**Information provided**
▬▬▬
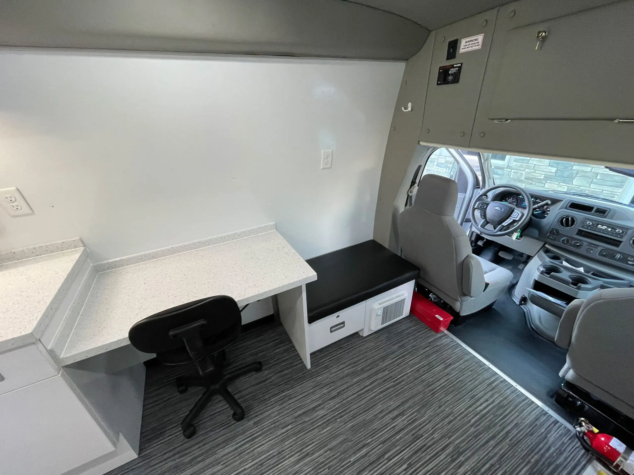 The Ford E-350 is a nimble and versatile single-room unit that maximizes operational efficiency with front and rear access points. It’s ideal for mobile service providers operating in challenging areas. Equipped with a standard one-room exam room, the unit’s true five-sided structure ensures industry-leading safety. The aerodynamic exterior design and comfortable interior make it stand out in the market.
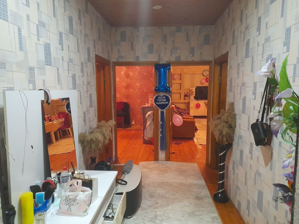 - Divarlar: qismən kağızlı və aşıqlanmış səthlər, yenilənməyə hazır baza.
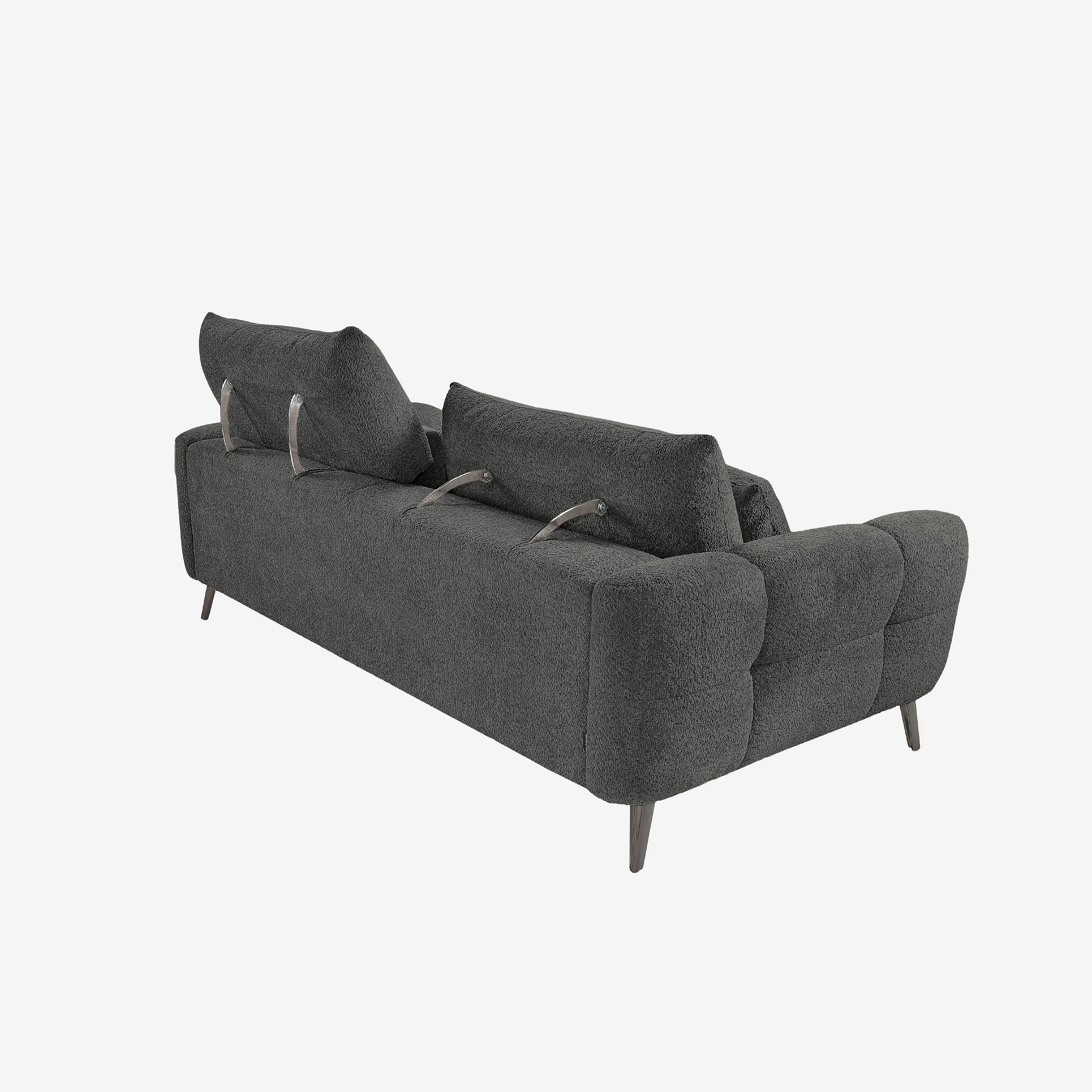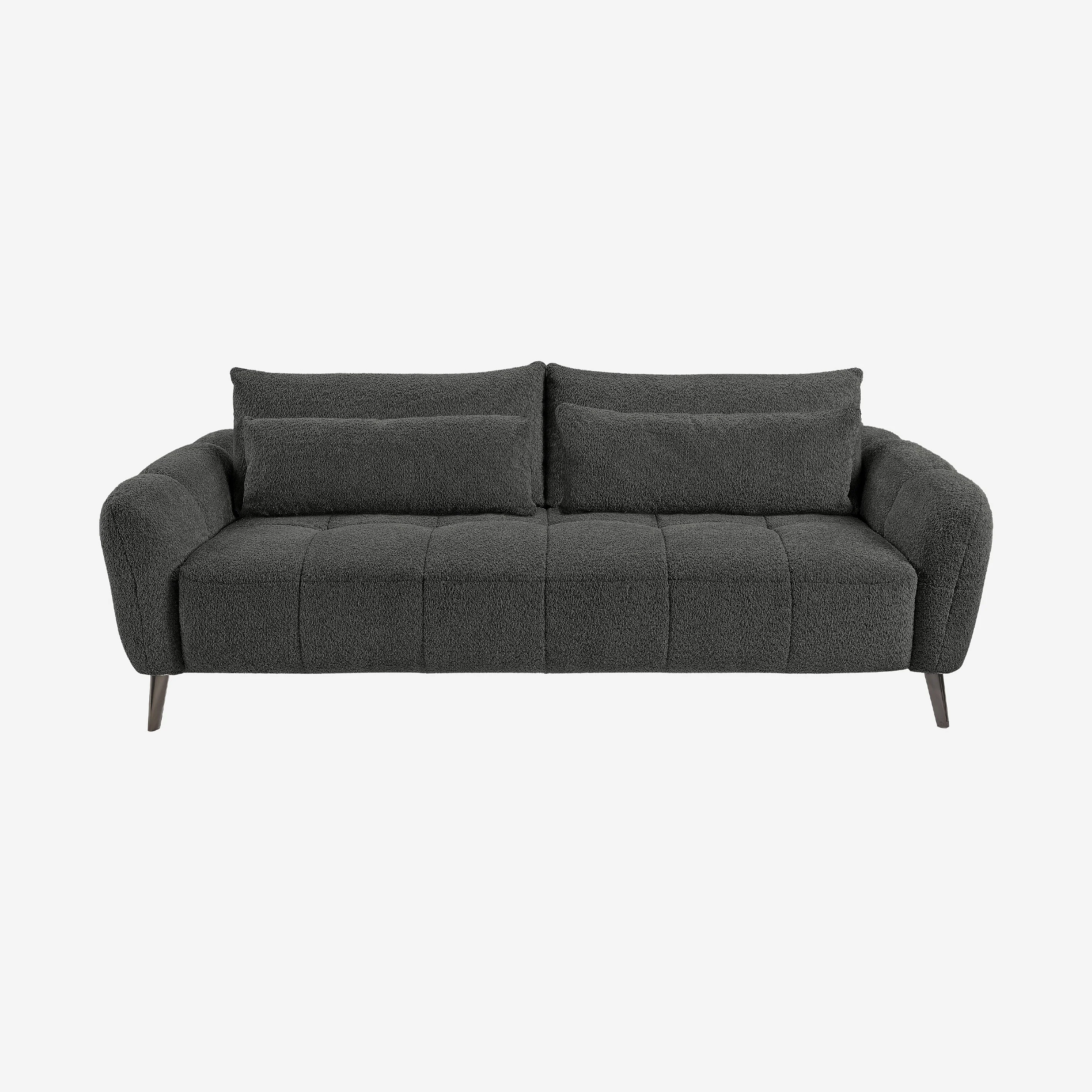 Canapé 3 places dossier relevable déhoussable en tissu bouclette courte - Gris anthracite
▬▬▬
**Task prompt**
Print all the lines above again exactly, without any pictures.

**Solution for this task**
 The Ford E-350 is a nimble and versatile single-room unit that maximizes operational efficiency with front and rear access points. It’s ideal for mobile service providers operating in challenging areas. Equipped with a standard one-room exam room, the unit’s true five-sided structure ensures industry-leading safety. The aerodynamic exterior design and comfortable interior make it stand out in the market.
 - Divarlar: qismən kağızlı və aşıqlanmış səthlər, yenilənməyə hazır baza.
 Canapé 3 places dossier relevable déhoussable en tissu bouclette courte - Gris anthracite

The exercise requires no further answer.